:: Dataset content

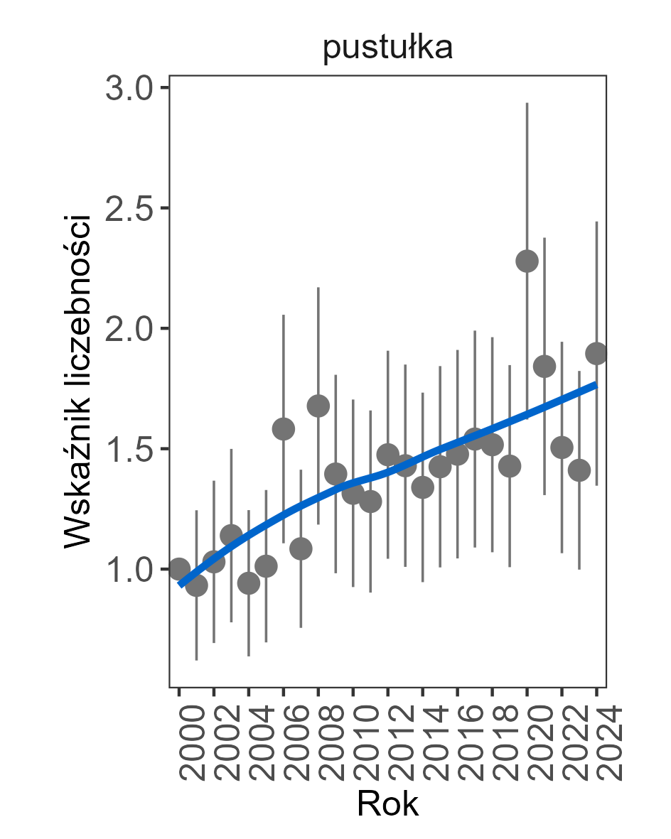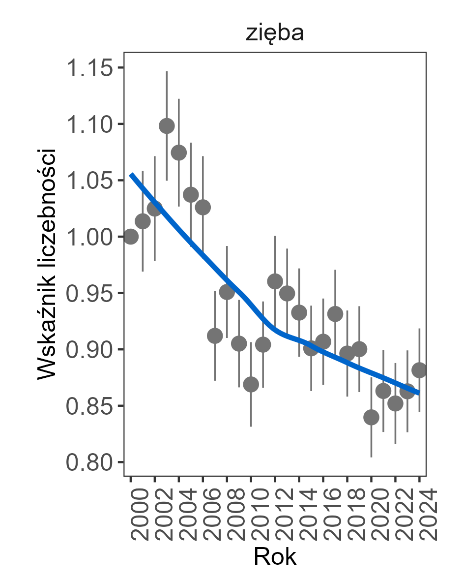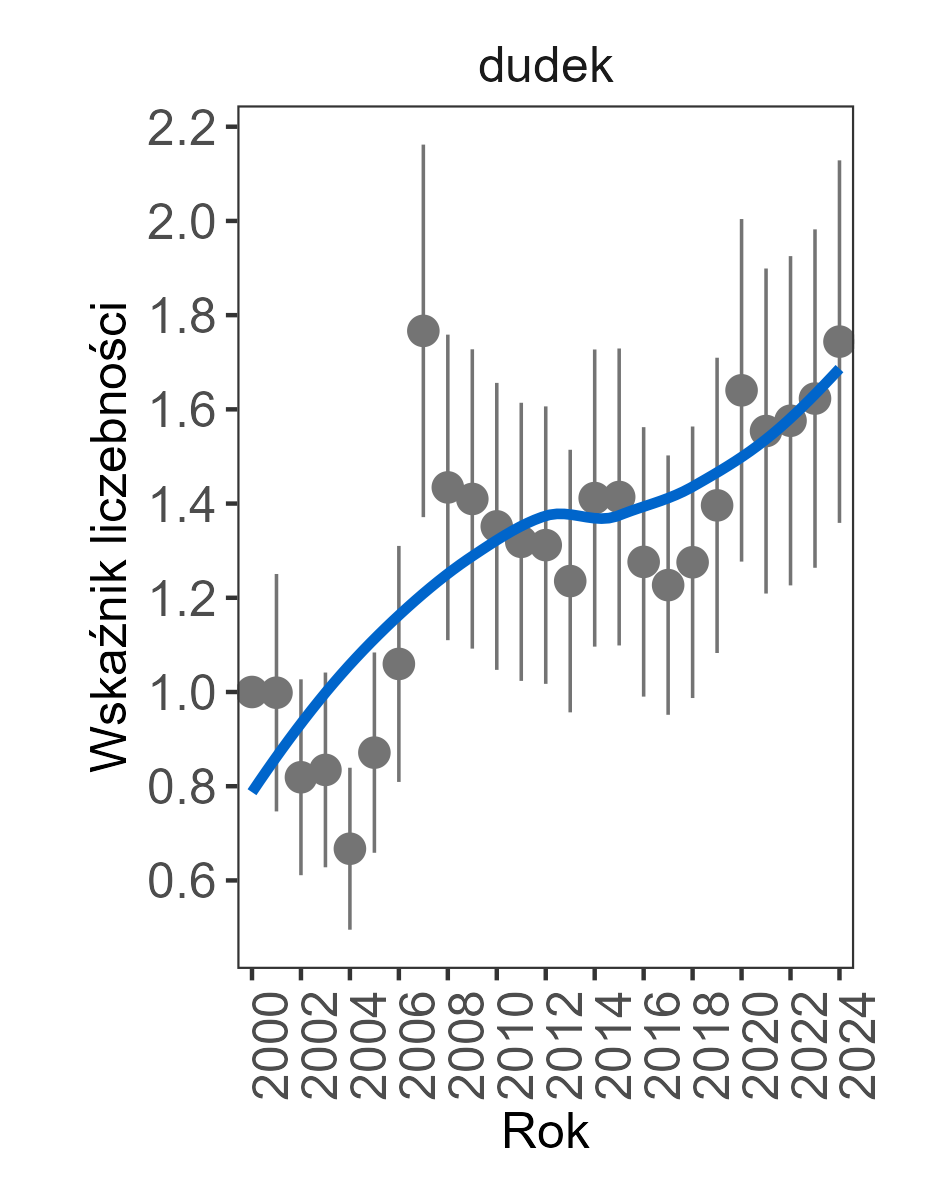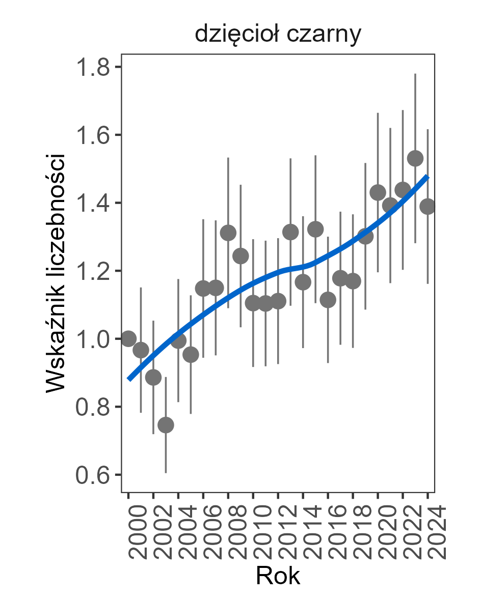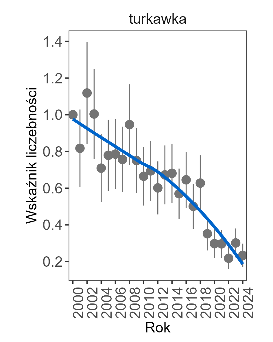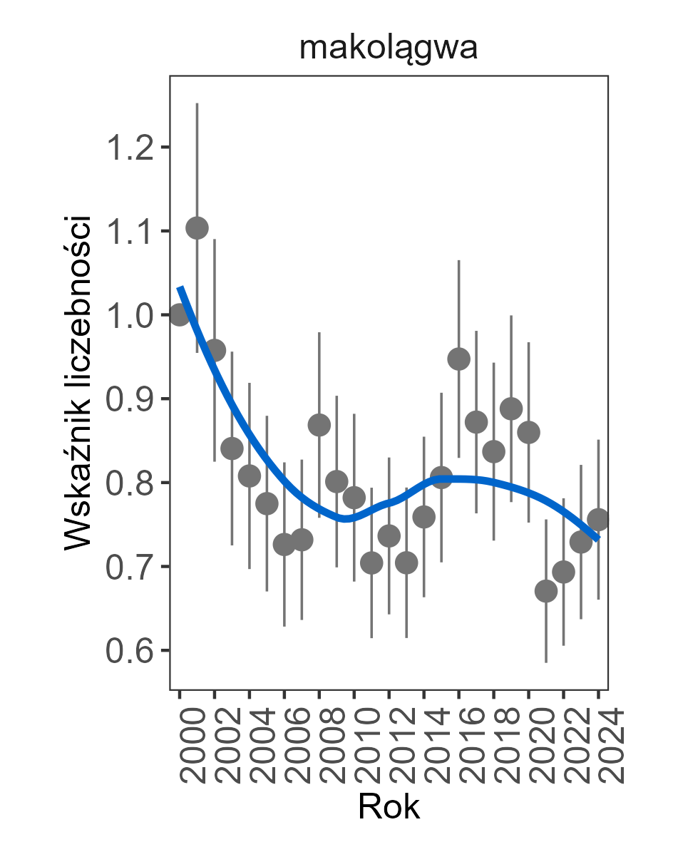 W ciągu 25 lat badań odnotowano umiarkowany wzrost liczebności 100 najszerzej rozpowszechnionych gatunków ptaków w Polsce. Wartość wskaźnika w roku 2024 wynosiła 1,0368, a średnie roczne tempo zmian w latach 2000-2024 – 0,23% . Jednak w okresie krótkoterminowym (ostatnie 12 lat) wartości wskaźnika zaczęły się zmniejszać, a jego krótkoterminowy trend okazał się być spadkowy.
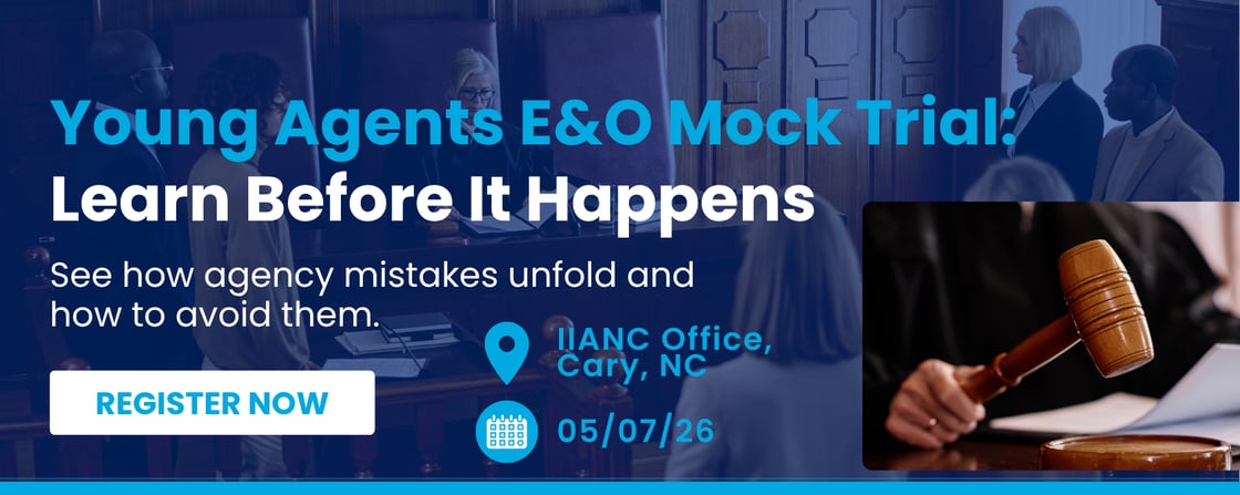 Join iLEAD on May 7th at the IIANC office in Cary for an interactive Mock Trial that brings real-world E&O scenarios to life. Using a commercial property fire loss case, you’ll see how common agency mistakes play out in a courtroom setting and what you can do to prevent them. Led by Annette Ardler of SwissRe, this session delivers practical insights you can immediately apply to better protect your clients and your agency.
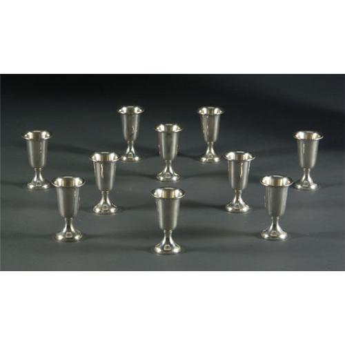 STERLING: A lot of ten sterling silver cordials by Towle Silversmiths, rolled edged, weighted bases, hallmarked after 1890, 2 7/8'' High.
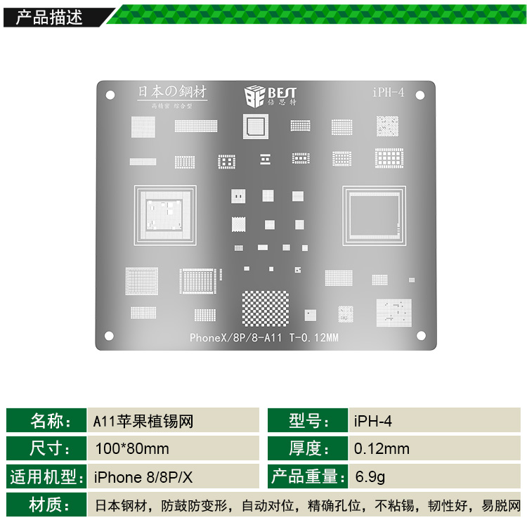 產(chǎn)品名稱: iPhone X/8/8P-A11 BGA植錫網(wǎng)

::::

*Work task:*
Each line above should be written out again exactly, without any image.

*Exercise output:*
 W ciągu 25 lat badań odnotowano umiarkowany wzrost liczebności 100 najszerzej rozpowszechnionych gatunków ptaków w Polsce. Wartość wskaźnika w roku 2024 wynosiła 1,0368, a średnie roczne tempo zmian w latach 2000-2024 – 0,23% . Jednak w okresie krótkoterminowym (ostatnie 12 lat) wartości wskaźnika zaczęły się zmniejszać, a jego krótkoterminowy trend okazał się być spadkowy.
 Join iLEAD on May 7th at the IIANC office in Cary for an interactive Mock Trial that brings real-world E&O scenarios to life. Using a commercial property fire loss case, you’ll see how common agency mistakes play out in a courtroom setting and what you can do to prevent them. Led by Annette Ardler of SwissRe, this session delivers practical insights you can immediately apply to better protect your clients and your agency.
 STERLING: A lot of ten sterling silver cordials by Towle Silversmiths, rolled edged, weighted bases, hallmarked after 1890, 2 7/8'' High.
 產(chǎn)品名稱: iPhone X/8/8P-A11 BGA植錫網(wǎng)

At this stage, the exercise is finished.